## [ABOUT THIS EXERCISE]
Write out exactly the lines from the one containing "浙江省杭州市某废纸回收站负责" to the end of the material, both ends included, and nothing else. Leave pictures out.

(Beginning of COLLECTED MATERIAL)

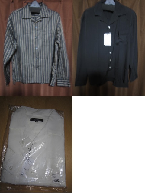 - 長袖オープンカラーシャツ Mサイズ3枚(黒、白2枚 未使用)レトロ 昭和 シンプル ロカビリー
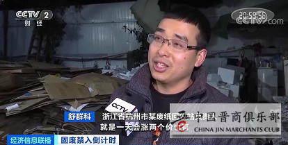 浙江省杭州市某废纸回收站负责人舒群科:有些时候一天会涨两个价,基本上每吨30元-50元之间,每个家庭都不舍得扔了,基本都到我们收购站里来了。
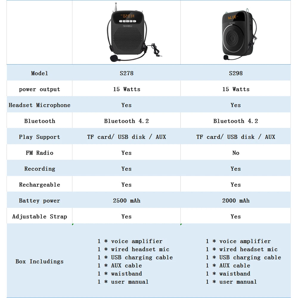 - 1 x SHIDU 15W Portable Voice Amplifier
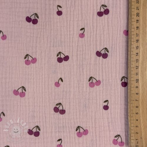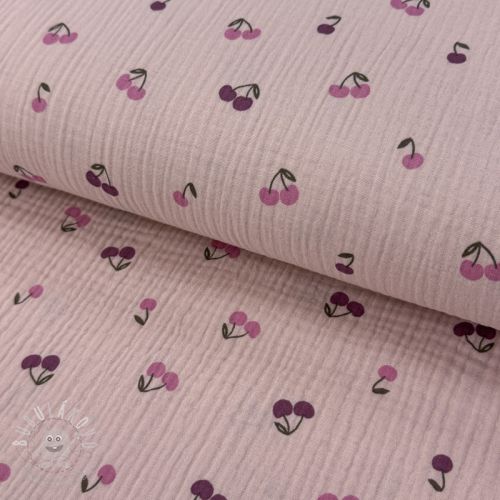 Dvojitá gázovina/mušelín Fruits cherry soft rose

(End of COLLECTED MATERIAL)

## [EXERCISE OUTPUT]
 浙江省杭州市某废纸回收站负责人舒群科:有些时候一天会涨两个价,基本上每吨30元-50元之间,每个家庭都不舍得扔了,基本都到我们收购站里来了。
 - 1 x SHIDU 15W Portable Voice Amplifier
 Dvojitá gázovina/mušelín Fruits cherry soft rose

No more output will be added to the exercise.